Frankly, it’s a misuse of timers to create a Timer to run now with absolutely no delay. And whether or not you call it a bug, there’s no way to prevent it. createTimer creates a Timer Object and passes it to the Quartz timer library. In a separate thread the Quartz timer creates a schedule for when to execute the passed in lambda. The execution of the lambda occurs in a separate thread. Thus, Quartz starts executing the lambda even before the call to createTimer returns.

Because we don’t really have access to creating our own threads in Rules DSL, and we shouldn’t be creating our own threads in Rules anyway, we are misusing Timers to create a separate tread in this case.

:laughing:

I’ve mentioned it before and I’ll mention it again. A whole lot of time is being spent to work around limitations of the Rules DSL here. Personally, I think this time would be better spent working with Scripted Automation where:

  • the timing problems go away because only one instance of a Rule can run at the same time eliminating the race condtion
  • this DP is already written and tested and can be used as a simple library call
  • as time passes, Rules DSL is going to slowly become less and less popular as more users come on using NGRE with Python or JavaScript or JSONDB stored Rules first

A couple of things stand out.

  • the error is indeed coming from the Timer’s lambda, I can see that with the Procedures$Procedure0 in the first line of the error
  • it’s definitely coming from the else clause which I can see by the XIfExpressionImpl...(conditionalExpression: false) (I only mention these two parts for general interest in learning to interpret exceptions from Rules)
  • null errors are often misleading; I don’t think that’s the case here but in general, a null error often indicates a type error and the variable isn’t actually null, the engine just couldn’t coerce the Object to a type that makes sense for the operation. The key takeaway from this is that it’s possible that the problem is with the argument passed to reschedule().
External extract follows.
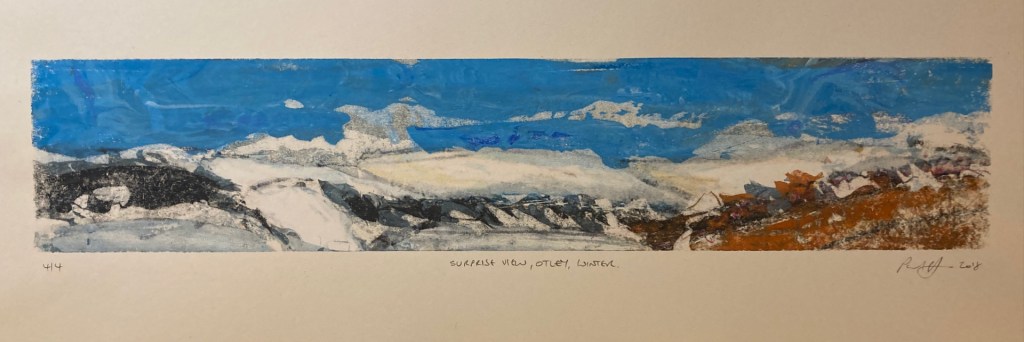 Surprise View, Otley, Winter – screen print. 4 of 4 varied edition. Print area 42 x 8 cm. Paper size 59 x 29 cm. Price £90

I agree with rossko57 that it seems unlikely that you would get through that many lines of code before the call to createTimer returned. But so far that seems the be the most likely explanation despite the bullet points above. You could confirm this by adding a log statement immediately before and immediately after the call to createTimer. If you see the logs from inside the Timer’s lambda before the statement after the call to createTimer you will know with some degree of certainty that the lambda is successfully executing before the call to createTimer returns.
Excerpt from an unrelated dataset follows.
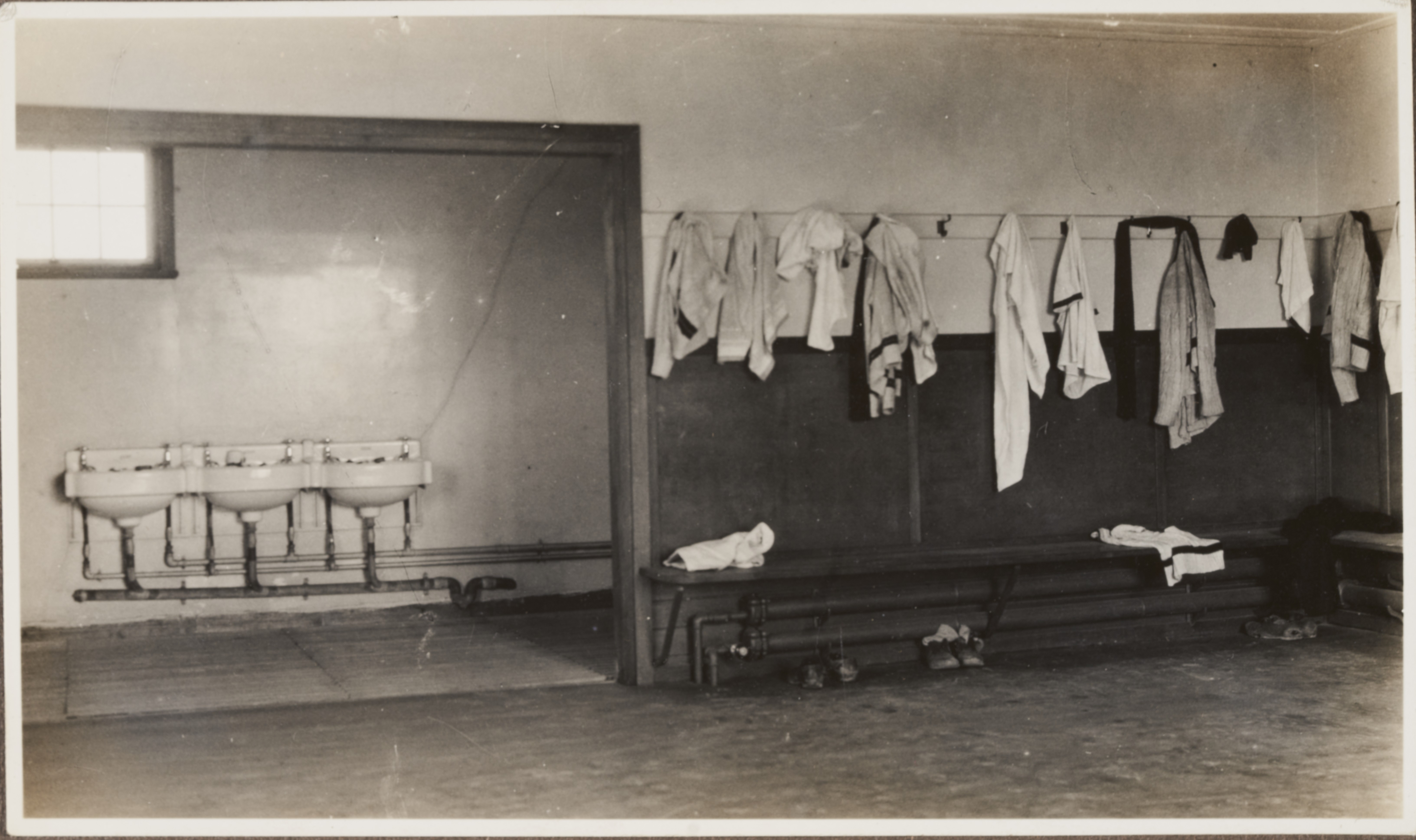 A black and white photograph of the Jesus College Boathouse changing room showing a row of pegs with clothes on and sinks in the background.

Ultimately the solution will be the same, schedule the timer to at least a little bit into the future to ensure that the call to createTimer returns before the lambda runs.

It’s in your example at the start of this. :slight_smile:

I don’t understand what you mean? Timers are necessary.

Yes, I looked a little more after the last time. A couple things make me hesitant to do this now. While you say this has been around a while, well tested, etc., it seems the documentation is lacking and extra hoops are needed to use it. I think there is more documentation available, but it should be added to the main documentation (so it can be found easily). The other thing is learning a new language. I was disappointed to see that Python 2.7 and 3.x are not compatible, and Jython is still at 2.7. If I convert the rules I want to do it once, not have to convert from 2.7 to 3 later. I am starting to play with Python 3 for other things.

I added these logs, so can see if this can happen again.

Yes, and it’s a misuse of Timers to do it this way. It works just fine on RPis and slower machines. For some reason it’s not working on your machine.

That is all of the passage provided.